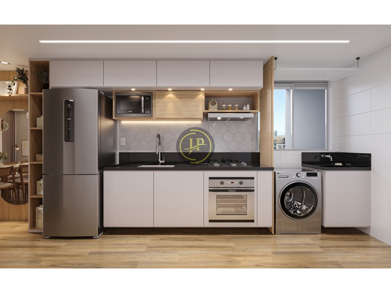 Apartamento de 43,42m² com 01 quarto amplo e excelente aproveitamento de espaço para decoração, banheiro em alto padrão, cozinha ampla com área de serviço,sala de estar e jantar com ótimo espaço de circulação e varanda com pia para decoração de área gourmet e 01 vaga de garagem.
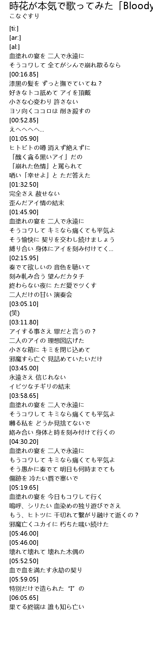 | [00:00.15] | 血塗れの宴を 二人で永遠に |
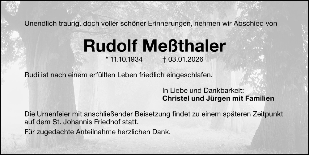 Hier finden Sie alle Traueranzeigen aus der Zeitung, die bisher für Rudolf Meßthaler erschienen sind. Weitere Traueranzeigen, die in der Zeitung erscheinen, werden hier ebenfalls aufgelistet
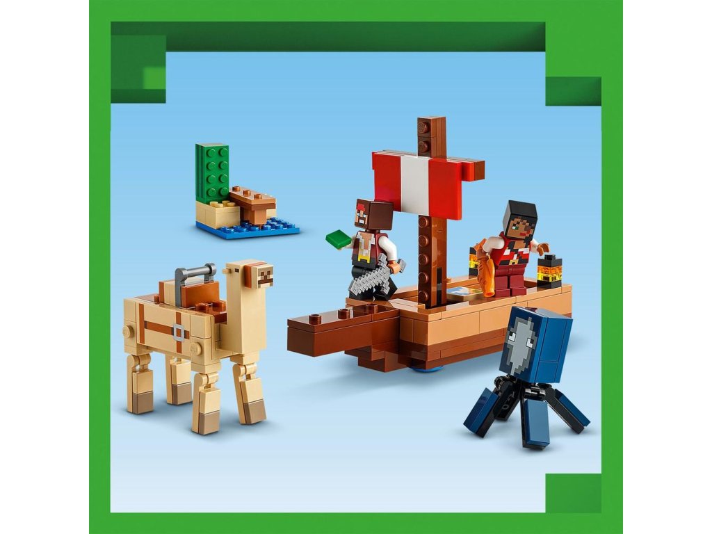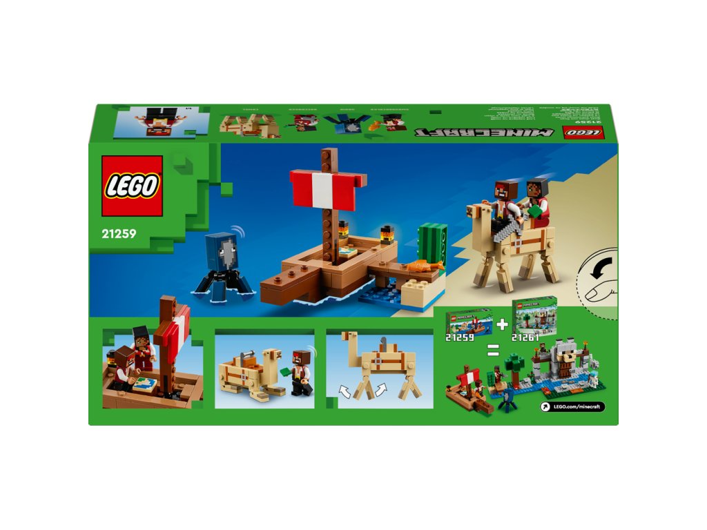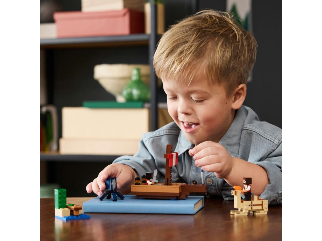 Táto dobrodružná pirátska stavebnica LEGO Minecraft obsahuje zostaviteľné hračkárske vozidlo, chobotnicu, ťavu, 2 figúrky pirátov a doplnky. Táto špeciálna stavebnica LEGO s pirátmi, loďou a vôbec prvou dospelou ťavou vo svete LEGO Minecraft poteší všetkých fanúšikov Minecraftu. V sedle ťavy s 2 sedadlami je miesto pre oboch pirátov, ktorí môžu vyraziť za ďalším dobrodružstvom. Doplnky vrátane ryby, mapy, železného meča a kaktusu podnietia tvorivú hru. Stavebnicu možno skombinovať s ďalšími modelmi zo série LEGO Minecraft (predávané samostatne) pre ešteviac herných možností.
::::::::::
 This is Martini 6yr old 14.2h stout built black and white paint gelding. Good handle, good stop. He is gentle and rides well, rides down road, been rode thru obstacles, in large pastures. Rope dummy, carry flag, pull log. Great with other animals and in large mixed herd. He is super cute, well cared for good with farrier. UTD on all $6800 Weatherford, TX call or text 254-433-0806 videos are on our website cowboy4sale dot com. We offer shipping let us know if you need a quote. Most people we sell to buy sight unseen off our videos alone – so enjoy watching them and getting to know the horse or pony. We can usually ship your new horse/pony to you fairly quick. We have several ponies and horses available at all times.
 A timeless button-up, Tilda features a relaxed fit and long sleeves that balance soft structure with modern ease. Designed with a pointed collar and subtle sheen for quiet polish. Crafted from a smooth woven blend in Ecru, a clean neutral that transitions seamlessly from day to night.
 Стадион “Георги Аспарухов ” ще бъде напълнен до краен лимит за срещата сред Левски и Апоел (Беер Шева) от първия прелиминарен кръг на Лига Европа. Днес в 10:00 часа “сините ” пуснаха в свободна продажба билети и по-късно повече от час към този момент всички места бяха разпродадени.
::::::::::
**REQUIRED ACTION:**
One stretch of the lines above is wanted, from the line that contains "A timeless button-up, Tilda" through the line that contains "места бяха разпродадени.". Output it exactly.

**OUTPUT:**
 A timeless button-up, Tilda features a relaxed fit and long sleeves that balance soft structure with modern ease. Designed with a pointed collar and subtle sheen for quiet polish. Crafted from a smooth woven blend in Ecru, a clean neutral that transitions seamlessly from day to night.
 Стадион “Георги Аспарухов ” ще бъде напълнен до краен лимит за срещата сред Левски и Апоел (Беер Шева) от първия прелиминарен кръг на Лига Европа. Днес в 10:00 часа “сините ” пуснаха в свободна продажба билети и по-късно повече от час към този момент всички места бяха разпродадени.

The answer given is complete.